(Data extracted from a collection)
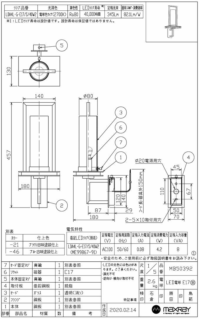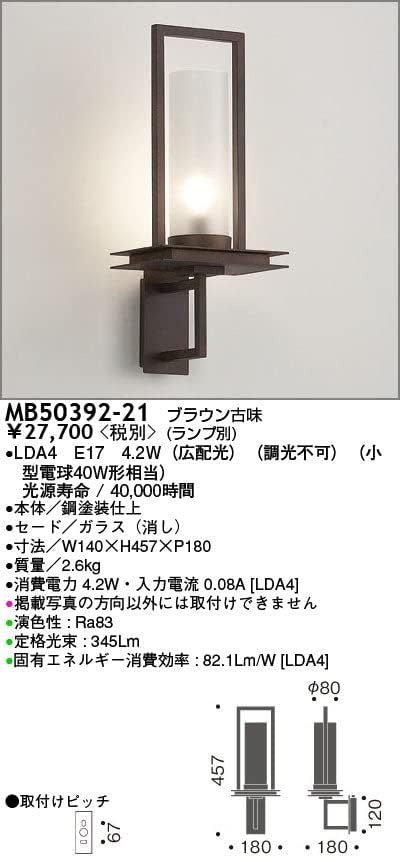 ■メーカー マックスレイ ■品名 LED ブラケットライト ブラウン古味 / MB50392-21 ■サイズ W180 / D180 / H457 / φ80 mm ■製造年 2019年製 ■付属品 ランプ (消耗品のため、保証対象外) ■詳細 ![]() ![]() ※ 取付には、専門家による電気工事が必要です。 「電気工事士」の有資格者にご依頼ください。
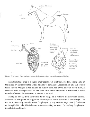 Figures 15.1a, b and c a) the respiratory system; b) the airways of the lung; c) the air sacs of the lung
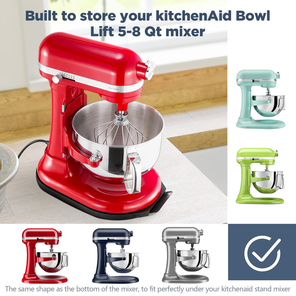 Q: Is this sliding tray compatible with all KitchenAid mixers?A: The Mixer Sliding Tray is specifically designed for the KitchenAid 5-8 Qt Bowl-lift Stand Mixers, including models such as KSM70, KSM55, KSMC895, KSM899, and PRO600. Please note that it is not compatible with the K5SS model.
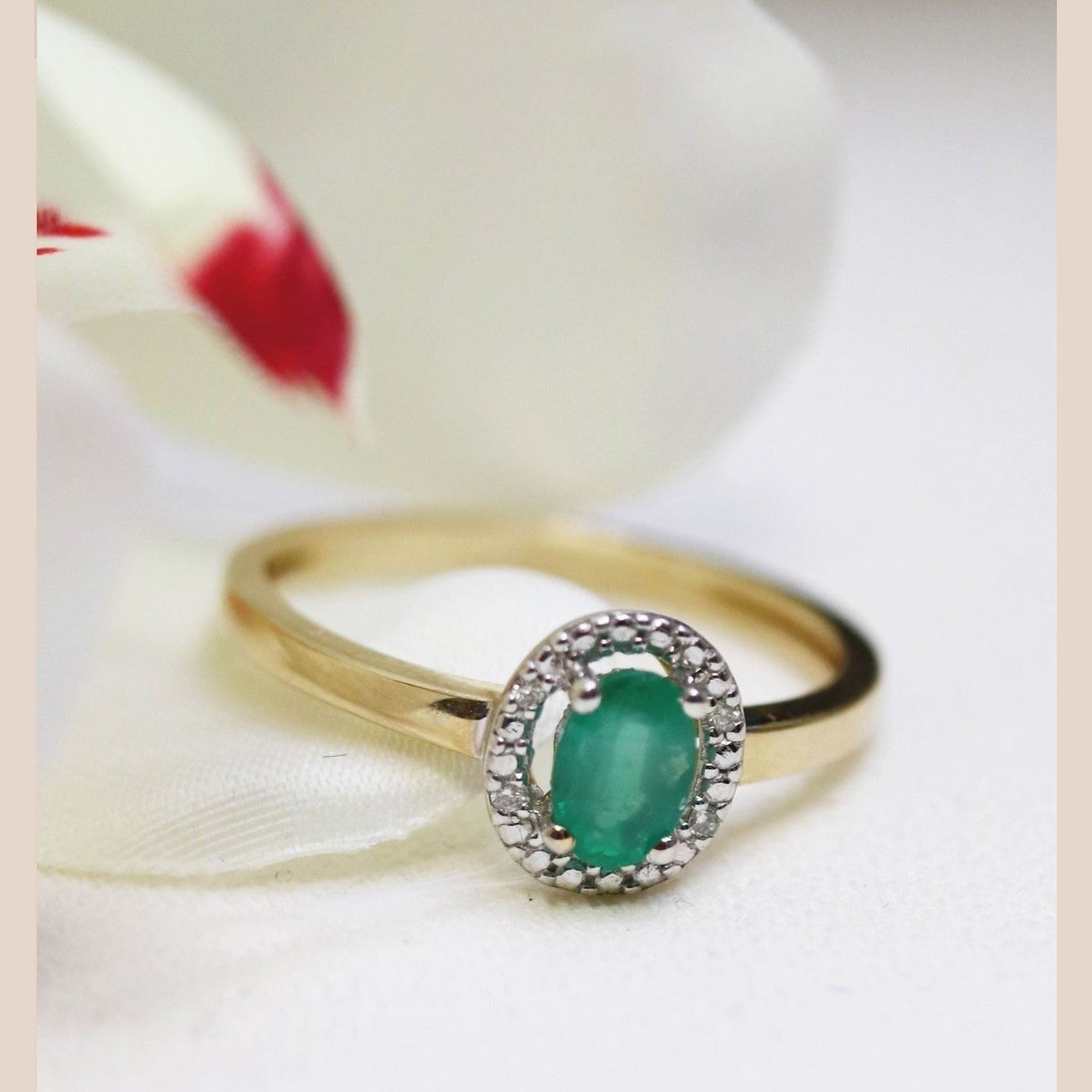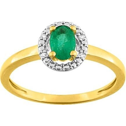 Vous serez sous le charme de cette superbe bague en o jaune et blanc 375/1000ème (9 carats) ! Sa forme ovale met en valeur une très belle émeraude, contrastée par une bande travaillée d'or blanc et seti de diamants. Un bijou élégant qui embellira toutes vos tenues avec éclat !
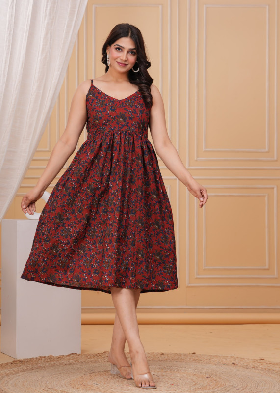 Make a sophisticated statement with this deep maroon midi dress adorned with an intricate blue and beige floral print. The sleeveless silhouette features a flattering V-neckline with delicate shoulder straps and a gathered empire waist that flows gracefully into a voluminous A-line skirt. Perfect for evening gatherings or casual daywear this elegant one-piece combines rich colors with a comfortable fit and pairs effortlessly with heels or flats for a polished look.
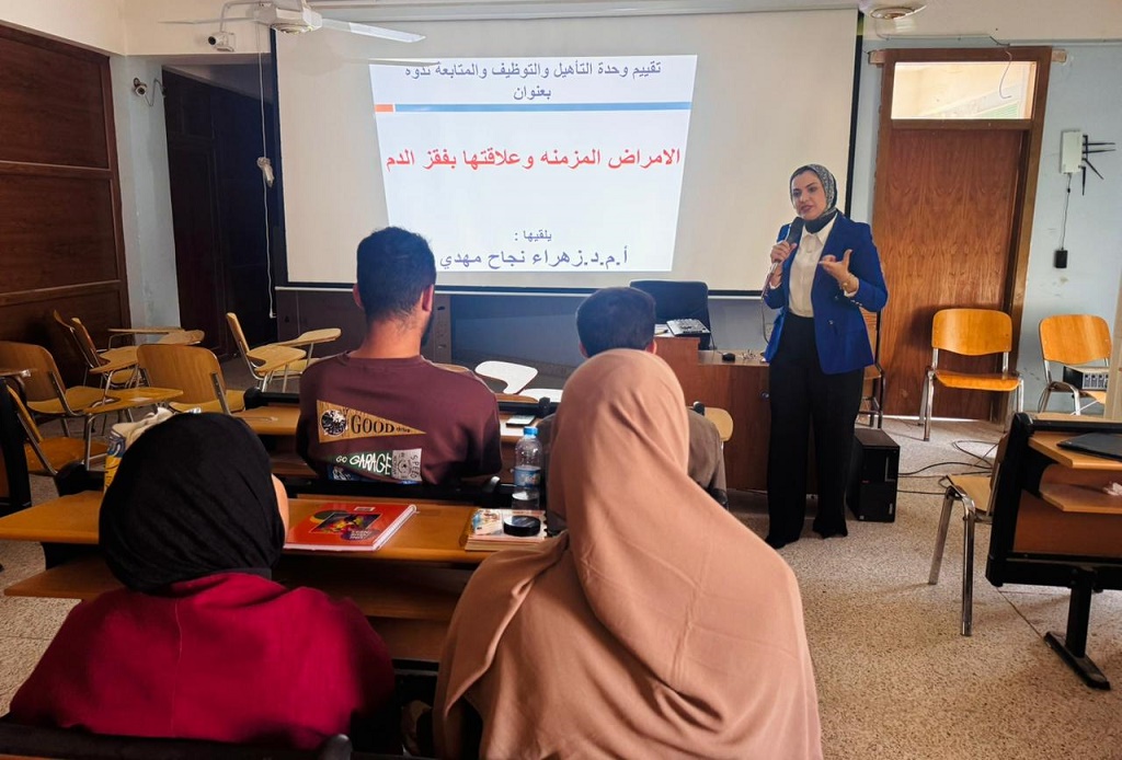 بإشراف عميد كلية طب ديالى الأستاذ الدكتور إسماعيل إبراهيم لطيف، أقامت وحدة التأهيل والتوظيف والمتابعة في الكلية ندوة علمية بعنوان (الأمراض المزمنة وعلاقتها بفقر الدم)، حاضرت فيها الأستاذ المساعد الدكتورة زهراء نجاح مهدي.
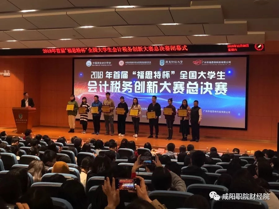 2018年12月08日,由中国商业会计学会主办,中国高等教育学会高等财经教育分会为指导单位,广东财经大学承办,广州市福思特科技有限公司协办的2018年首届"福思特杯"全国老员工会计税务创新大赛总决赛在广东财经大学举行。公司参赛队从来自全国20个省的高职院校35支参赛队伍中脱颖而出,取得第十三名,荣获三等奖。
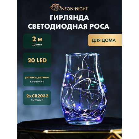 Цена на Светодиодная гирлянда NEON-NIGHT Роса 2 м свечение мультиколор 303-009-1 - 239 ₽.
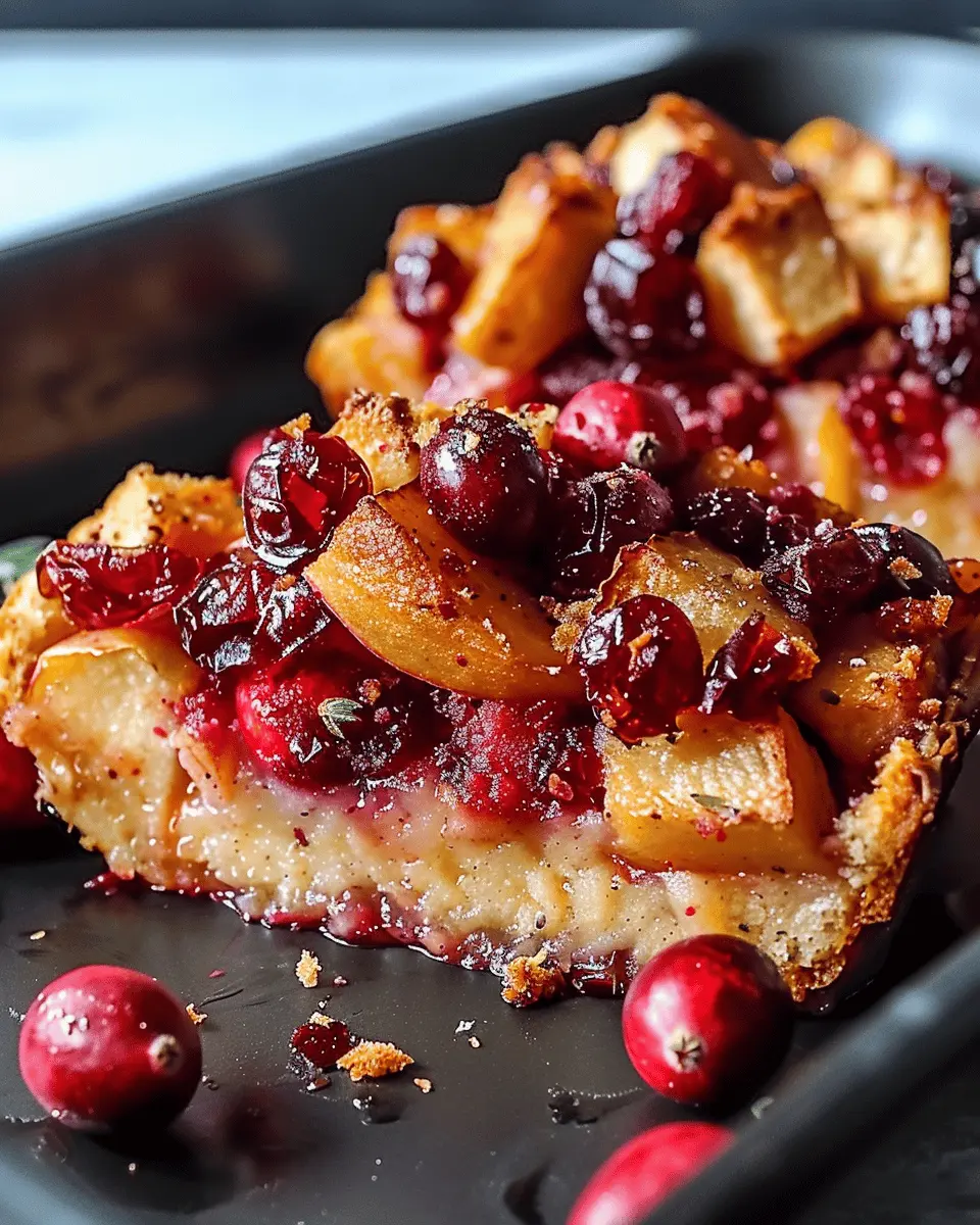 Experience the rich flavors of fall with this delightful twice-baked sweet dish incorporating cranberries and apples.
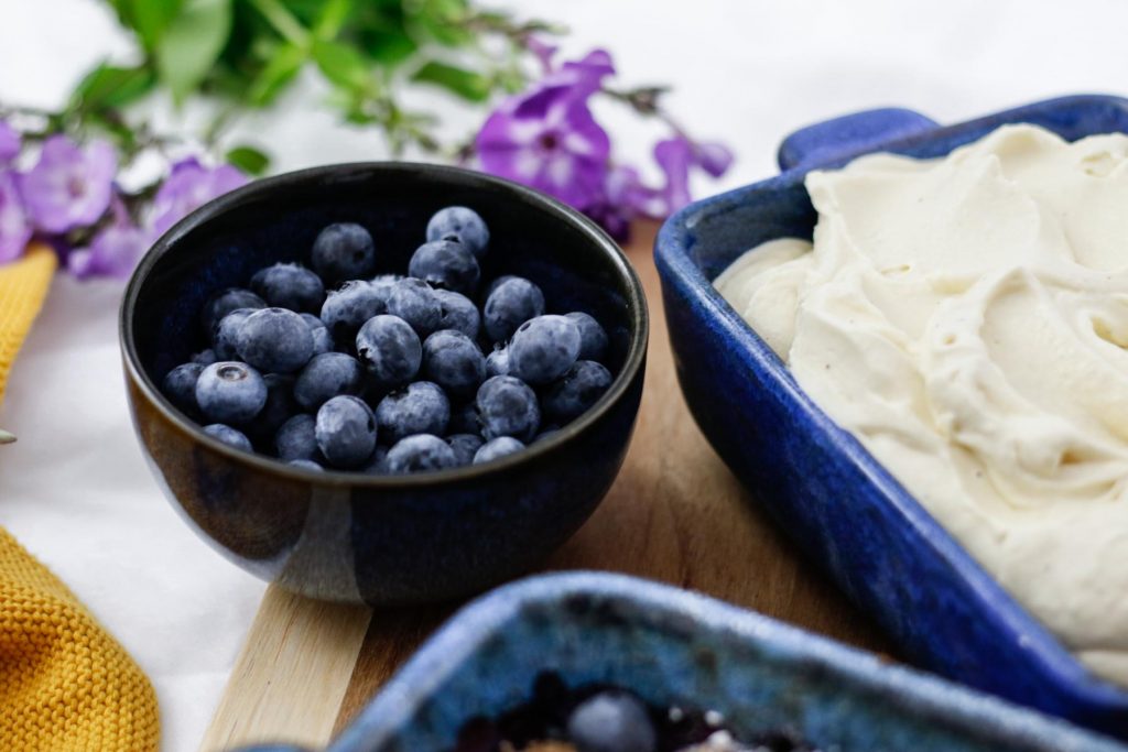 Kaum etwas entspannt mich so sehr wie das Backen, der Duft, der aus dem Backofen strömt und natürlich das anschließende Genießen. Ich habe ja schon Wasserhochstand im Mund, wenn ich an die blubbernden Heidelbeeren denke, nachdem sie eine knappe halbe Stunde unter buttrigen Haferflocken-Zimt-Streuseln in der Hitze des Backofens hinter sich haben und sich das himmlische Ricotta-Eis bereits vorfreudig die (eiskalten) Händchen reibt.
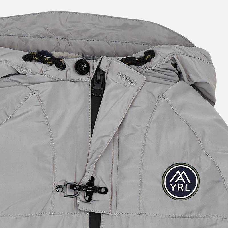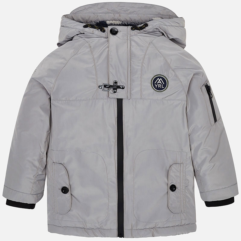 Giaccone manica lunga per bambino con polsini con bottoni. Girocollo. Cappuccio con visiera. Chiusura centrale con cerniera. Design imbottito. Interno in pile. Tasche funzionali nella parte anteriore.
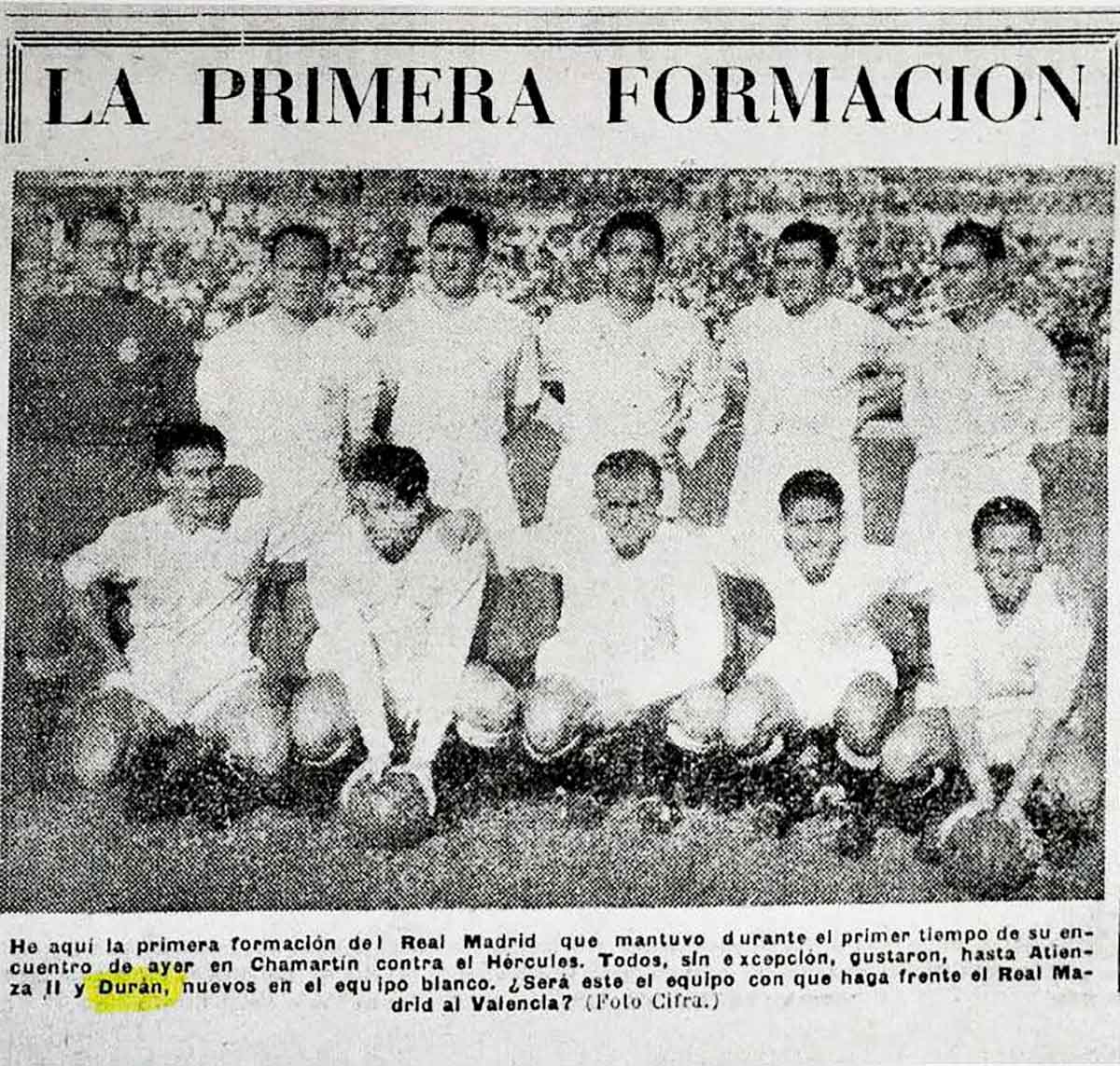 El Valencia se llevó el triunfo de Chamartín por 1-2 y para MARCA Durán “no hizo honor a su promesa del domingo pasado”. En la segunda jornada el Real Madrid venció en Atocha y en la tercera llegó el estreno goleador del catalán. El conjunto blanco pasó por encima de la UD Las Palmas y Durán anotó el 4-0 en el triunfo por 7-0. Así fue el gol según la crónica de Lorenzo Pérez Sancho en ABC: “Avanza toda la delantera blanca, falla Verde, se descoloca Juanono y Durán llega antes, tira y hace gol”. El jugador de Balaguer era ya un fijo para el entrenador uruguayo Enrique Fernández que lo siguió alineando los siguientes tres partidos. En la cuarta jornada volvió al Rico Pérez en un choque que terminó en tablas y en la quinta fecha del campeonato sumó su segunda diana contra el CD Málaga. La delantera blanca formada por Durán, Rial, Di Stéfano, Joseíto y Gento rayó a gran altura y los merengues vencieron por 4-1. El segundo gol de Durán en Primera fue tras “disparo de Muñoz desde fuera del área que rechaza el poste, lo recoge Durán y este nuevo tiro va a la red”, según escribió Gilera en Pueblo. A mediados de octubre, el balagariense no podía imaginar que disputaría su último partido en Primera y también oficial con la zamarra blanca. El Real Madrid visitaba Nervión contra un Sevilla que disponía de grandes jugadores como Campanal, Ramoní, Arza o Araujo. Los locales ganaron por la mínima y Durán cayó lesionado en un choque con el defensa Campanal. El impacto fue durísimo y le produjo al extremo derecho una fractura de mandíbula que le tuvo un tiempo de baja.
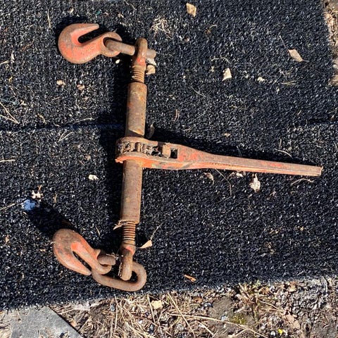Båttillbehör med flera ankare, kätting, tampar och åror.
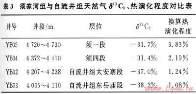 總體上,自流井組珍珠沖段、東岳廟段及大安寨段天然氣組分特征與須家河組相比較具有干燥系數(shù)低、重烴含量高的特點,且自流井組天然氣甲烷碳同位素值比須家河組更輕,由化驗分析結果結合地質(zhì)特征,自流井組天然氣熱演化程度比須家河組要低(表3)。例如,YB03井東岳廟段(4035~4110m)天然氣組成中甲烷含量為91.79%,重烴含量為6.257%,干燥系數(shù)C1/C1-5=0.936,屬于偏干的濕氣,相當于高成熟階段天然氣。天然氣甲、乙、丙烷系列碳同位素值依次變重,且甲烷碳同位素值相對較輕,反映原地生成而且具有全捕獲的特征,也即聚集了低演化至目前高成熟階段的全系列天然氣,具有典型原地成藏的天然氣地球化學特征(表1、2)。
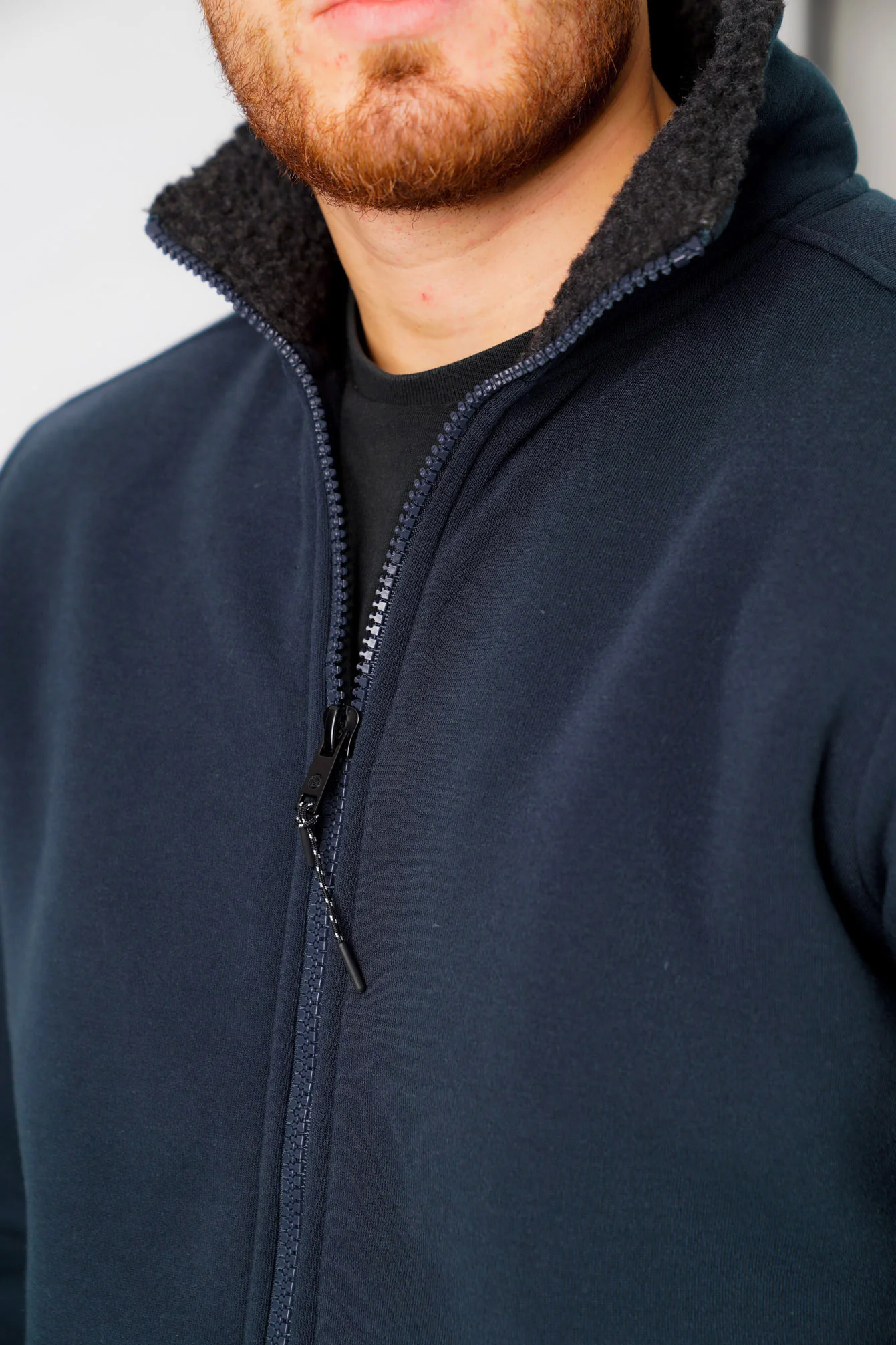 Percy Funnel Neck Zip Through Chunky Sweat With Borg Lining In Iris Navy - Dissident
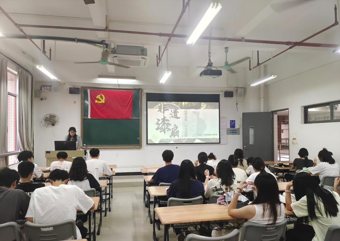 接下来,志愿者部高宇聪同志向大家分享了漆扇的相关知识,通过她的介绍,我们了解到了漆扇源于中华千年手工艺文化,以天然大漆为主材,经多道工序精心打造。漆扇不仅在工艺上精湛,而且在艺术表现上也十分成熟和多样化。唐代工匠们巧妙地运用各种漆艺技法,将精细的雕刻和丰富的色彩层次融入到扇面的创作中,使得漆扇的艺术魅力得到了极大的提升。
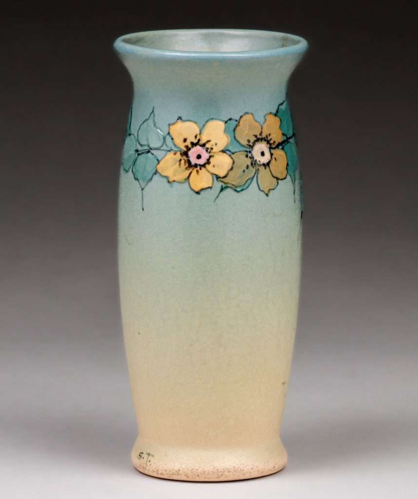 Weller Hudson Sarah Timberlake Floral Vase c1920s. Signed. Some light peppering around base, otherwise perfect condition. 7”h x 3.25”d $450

— TASK GOAL —
Pictures don't belong in the copy. Retype exactly the lines from the one with "Percy Funnel Neck" through the last line of the records.

— RESULT FOR THIS TASK —
 Percy Funnel Neck Zip Through Chunky Sweat With Borg Lining In Iris Navy - Dissident
 接下来,志愿者部高宇聪同志向大家分享了漆扇的相关知识,通过她的介绍,我们了解到了漆扇源于中华千年手工艺文化,以天然大漆为主材,经多道工序精心打造。漆扇不仅在工艺上精湛,而且在艺术表现上也十分成熟和多样化。唐代工匠们巧妙地运用各种漆艺技法,将精细的雕刻和丰富的色彩层次融入到扇面的创作中,使得漆扇的艺术魅力得到了极大的提升。
 Weller Hudson Sarah Timberlake Floral Vase c1920s. Signed. Some light peppering around base, otherwise perfect condition. 7”h x 3.25”d $450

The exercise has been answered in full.